Cluster resource management

The resource management layer is responsible for managing cluster resources and scheduling the jobs for processing data.

By default, Amazon EMR uses YARN (Yet Another Resource Negotiator), which is a component introduced in Apache Hadoop 2.0 to centrally manage cluster resources for multiple data-processing frameworks. However, there are other frameworks and applications that are offered in Amazon EMR that do not use YARN as a resource manager. Amazon EMR also has an agent on each node that administers YARN components, keeps the cluster healthy, and communicates with Amazon EMR.

Because Spot Instances are often used to run task nodes, Amazon EMR has default functionality for scheduling YARN jobs so that running jobs do not fail when task nodes running on Spot Instances are terminated. Amazon EMR does this by allowing application master processes to run only on core nodes. The application master process controls running jobs and needs to stay alive for the life of the job.

Amazon EMR release 5.19.0 and later uses the built-in YARN node labels feature to achieve this. (Earlier versions used a code patch).

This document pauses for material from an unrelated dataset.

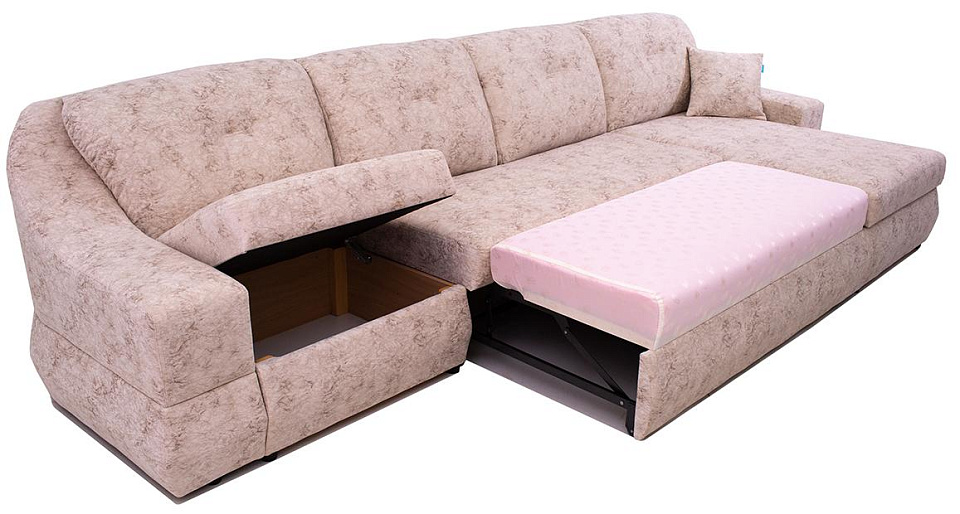 Самый популярный механизм из-за всеобщей моды на угловые диваны. Хорошо зарекомендовал себя по соотношению «цена — качество». Часть спального места находится под сиденьем , выдвигаем — получаем огромную кровать.

Properties in the yarn-site and capacity-scheduler configuration classifications are configured by default so that the YARN capacity-scheduler and fair-scheduler take advantage of node labels. Amazon EMR automatically labels core nodes with the CORE label, and sets properties so that application masters are scheduled only on nodes with the CORE label. Manually modifying related properties in the yarn-site and capacity-scheduler configuration classifications, or directly in associated XML files, could break this feature or modify this functionality.

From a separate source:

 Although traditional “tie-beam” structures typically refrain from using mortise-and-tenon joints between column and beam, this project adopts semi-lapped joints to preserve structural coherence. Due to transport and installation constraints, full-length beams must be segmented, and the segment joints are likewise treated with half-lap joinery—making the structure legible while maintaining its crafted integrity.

Data processing frameworks

The data processing framework layer is the engine used to process and analyze data. There are many frameworks available that run on YARN or have their own resource management. Different frameworks are available for different kinds of processing needs, such as batch, interactive, in-memory, streaming, and so on. The framework that you choose depends on your use case. This impacts the languages and interfaces available from the application layer, which is the layer used to interact with the data you want to process. The main processing frameworks available for Amazon EMR are Hadoop MapReduce and Spark.

Hadoop MapReduce

Hadoop MapReduce is an open-source programming model for distributed computing. It simplifies the process of writing parallel distributed applications by handling all of the logic, while you provide the Map and Reduce functions. The Map function maps data to sets of key-value pairs called intermediate results. The Reduce function combines the intermediate results, applies additional algorithms, and produces the final output. There are multiple frameworks available for MapReduce, such as Hive, which automatically generates Map and Reduce programs.

For more information, go to How map and reduce operations are actually carried out on the Apache Hadoop Wiki website.

Apache Spark

Spark is a cluster framework and programming model for processing big data workloads. Like Hadoop MapReduce, Spark is an open-source, distributed processing system but uses directed acyclic graphs for execution plans and in-memory caching for datasets. When you run Spark on Amazon EMR, you can use EMRFS to directly access your data in Amazon S3. Spark supports multiple interactive query modules such as SparkSQL.

For more information, see Apache Spark on Amazon EMR clusters in the Amazon EMR Release Guide.

Applications and programs

Amazon EMR supports many applications such as Hive, Pig, and the Spark Streaming library to provide capabilities such as using higher-level languages to create processing workloads, leveraging machine learning algorithms, making stream processing applications, and building data warehouses. In addition, Amazon EMR also supports open-source projects that have their own cluster management functionality instead of using YARN.

You use various libraries and languages to interact with the applications that you run in Amazon EMR. For example, you can use Java, Hive, or Pig with MapReduce or Spark Streaming, Spark SQL, MLlib, and GraphX with Spark.